От Питера до «настоящей Руси-матушки», то есть до Вологды, Пааво домчался за жалких пять часов: стоит, главное, довольный и радостный. Без ума, понятно, без чести и совести: «Слушай, как красиво-то у вас, а! Пошли гулять. Здесь у вас (я читал, вот!) Белов, Рубцов, Афанасьев и прочие толковые ребята жили-писали, так я хочу посмотреть, что же их среди прочего вдохновляло. Во-первых, конечно, люди за небольшим исключением (приветливо посмотрел на меня). Во-вторых, природа. Вот и познакомь меня со всем этим».
Во время наших прогулок по тихой спокойной Вологде Пааво поделился, как это он сам назвал, «взглядом стороннего человека на то, что вы сами не сильно уже замечаете».
— Когда я слышу чьи-то жалобы на тяжкую жизнь в российской глубинке, то прошу этих жалобщиков (у него получилось «жлобщиков») сравнить нынешнее время и тот ужас, в котором вы жили в 80-е или 90-е годы. Вот тогда было действительно тяжко. Не просто тяжело — страшно. Вспомните: убитые дороги, грязь, вонь, алкота на каждом шагу, взгляды какие-то звериные — беда же была. А что сейчас? Вылизанные до неприличия дороги-тротуары, саксофон над рекой (мы как раз на выступление уличного оркестра попали), скрипка, народ улыбается, все, главное, трезвые как дураки, солнце тебе приветливо смотрит, в магазинах в разы лучше, чем в ЕС — вы чего ноете? — спрашиваю этих нытиков. Молчат. Потом объявили меня «ненастоящим финном», ага. С каких это пор финн перестаёт быть настоящим, если требует объективности и тех самых ума, чести и совести, а?!
— Пааво, — говорю. — Пива хочешь?
— О, и совесть проснулась. А мне морду не разобьют? — вдруг вспомнил что-то приятель.

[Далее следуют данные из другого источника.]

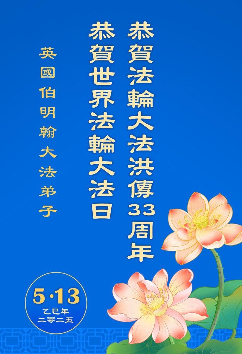英國伯明翰大法弟子恭賀世界法輪大法日!

— Если к людям приставать не будешь. Правила знаешь. Если будешь — не обессудь. Менты ещё добавят. И правильно сделают. Ладно, шучу.
…Тишину ночной Вологды нарушала лишь протяжная песня в исполнении Пааво, искавшего некую черноглазую (это в Вологде-где-то!), и обязательно чтобы «в до-о-оме, где резно-ой палиса-ад». Проезжавшие мимо менты расхохотались и показали дорогу к гостинице, пожелав спокойной ночи и совершенствования музыкальных данных. Река романтически несла свои воды на север вместе с утками.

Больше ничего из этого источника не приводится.